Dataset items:
=======
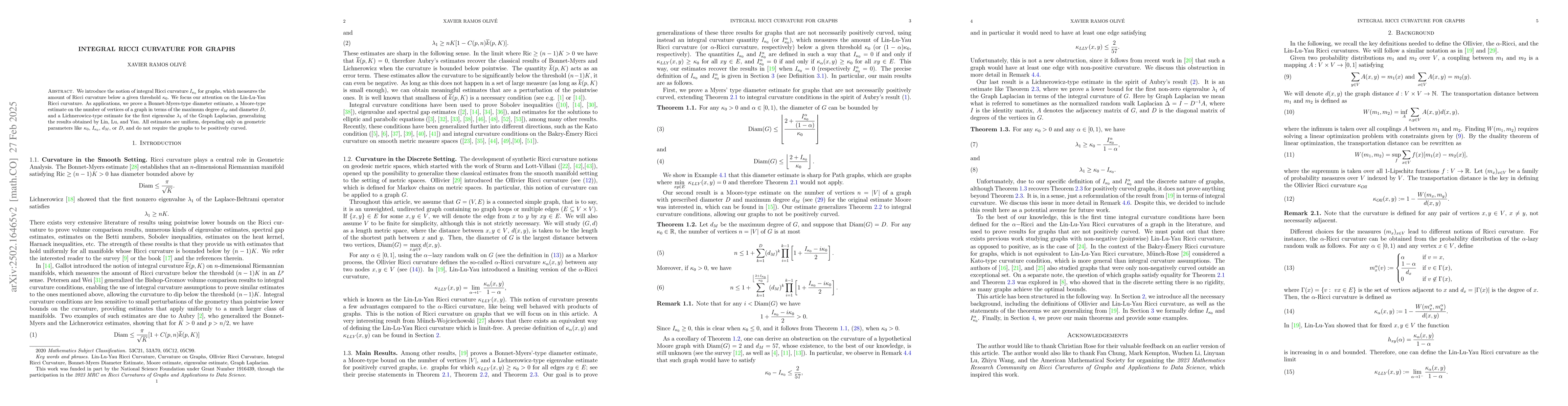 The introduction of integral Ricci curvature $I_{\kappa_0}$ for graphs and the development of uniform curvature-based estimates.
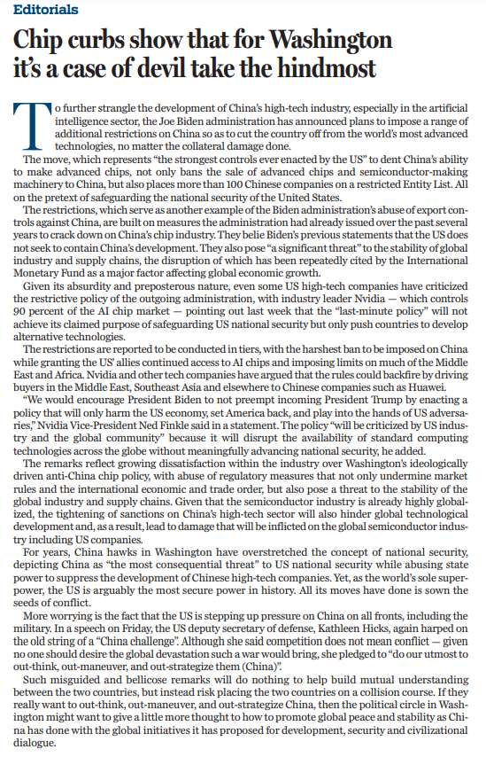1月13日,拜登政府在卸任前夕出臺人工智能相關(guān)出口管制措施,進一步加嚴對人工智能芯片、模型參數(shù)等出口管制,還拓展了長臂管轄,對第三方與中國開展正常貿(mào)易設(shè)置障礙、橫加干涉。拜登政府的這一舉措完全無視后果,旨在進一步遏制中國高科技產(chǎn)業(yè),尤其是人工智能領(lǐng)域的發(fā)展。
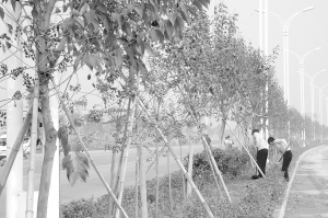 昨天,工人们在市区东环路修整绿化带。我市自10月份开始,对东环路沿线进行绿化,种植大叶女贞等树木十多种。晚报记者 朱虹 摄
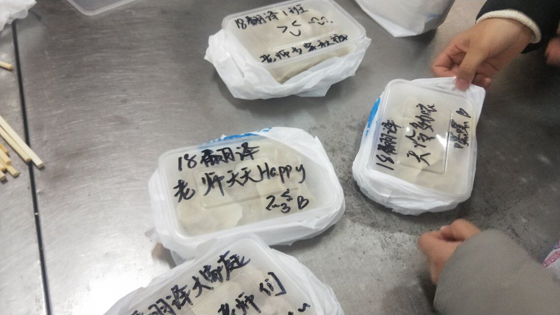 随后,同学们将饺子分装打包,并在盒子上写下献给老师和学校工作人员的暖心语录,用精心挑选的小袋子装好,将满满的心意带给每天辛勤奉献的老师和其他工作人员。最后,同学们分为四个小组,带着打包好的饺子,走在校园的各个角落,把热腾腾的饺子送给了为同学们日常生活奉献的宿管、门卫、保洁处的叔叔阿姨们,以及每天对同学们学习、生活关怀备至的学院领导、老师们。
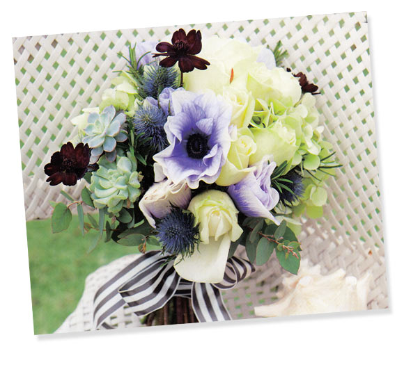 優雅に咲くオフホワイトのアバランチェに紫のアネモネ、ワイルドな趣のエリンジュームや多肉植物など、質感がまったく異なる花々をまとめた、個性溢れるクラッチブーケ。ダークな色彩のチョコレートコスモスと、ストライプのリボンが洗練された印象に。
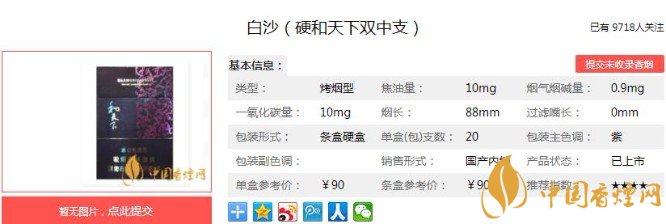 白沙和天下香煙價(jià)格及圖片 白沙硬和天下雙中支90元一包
=======
» **Your task**:
Output each record exactly as it appears, but not the pictures.

» **Solution to this exercise**:
 The introduction of integral Ricci curvature $I_{\kappa_0}$ for graphs and the development of uniform curvature-based estimates.
1月13日,拜登政府在卸任前夕出臺人工智能相關(guān)出口管制措施,進一步加嚴對人工智能芯片、模型參數(shù)等出口管制,還拓展了長臂管轄,對第三方與中國開展正常貿(mào)易設(shè)置障礙、橫加干涉。拜登政府的這一舉措完全無視后果,旨在進一步遏制中國高科技產(chǎn)業(yè),尤其是人工智能領(lǐng)域的發(fā)展。
 昨天,工人们在市区东环路修整绿化带。我市自10月份开始,对东环路沿线进行绿化,种植大叶女贞等树木十多种。晚报记者 朱虹 摄
 随后,同学们将饺子分装打包,并在盒子上写下献给老师和学校工作人员的暖心语录,用精心挑选的小袋子装好,将满满的心意带给每天辛勤奉献的老师和其他工作人员。最后,同学们分为四个小组,带着打包好的饺子,走在校园的各个角落,把热腾腾的饺子送给了为同学们日常生活奉献的宿管、门卫、保洁处的叔叔阿姨们,以及每天对同学们学习、生活关怀备至的学院领导、老师们。
 優雅に咲くオフホワイトのアバランチェに紫のアネモネ、ワイルドな趣のエリンジュームや多肉植物など、質感がまったく異なる花々をまとめた、個性溢れるクラッチブーケ。ダークな色彩のチョコレートコスモスと、ストライプのリボンが洗練された印象に。
 白沙和天下香煙價(jià)格及圖片 白沙硬和天下雙中支90元一包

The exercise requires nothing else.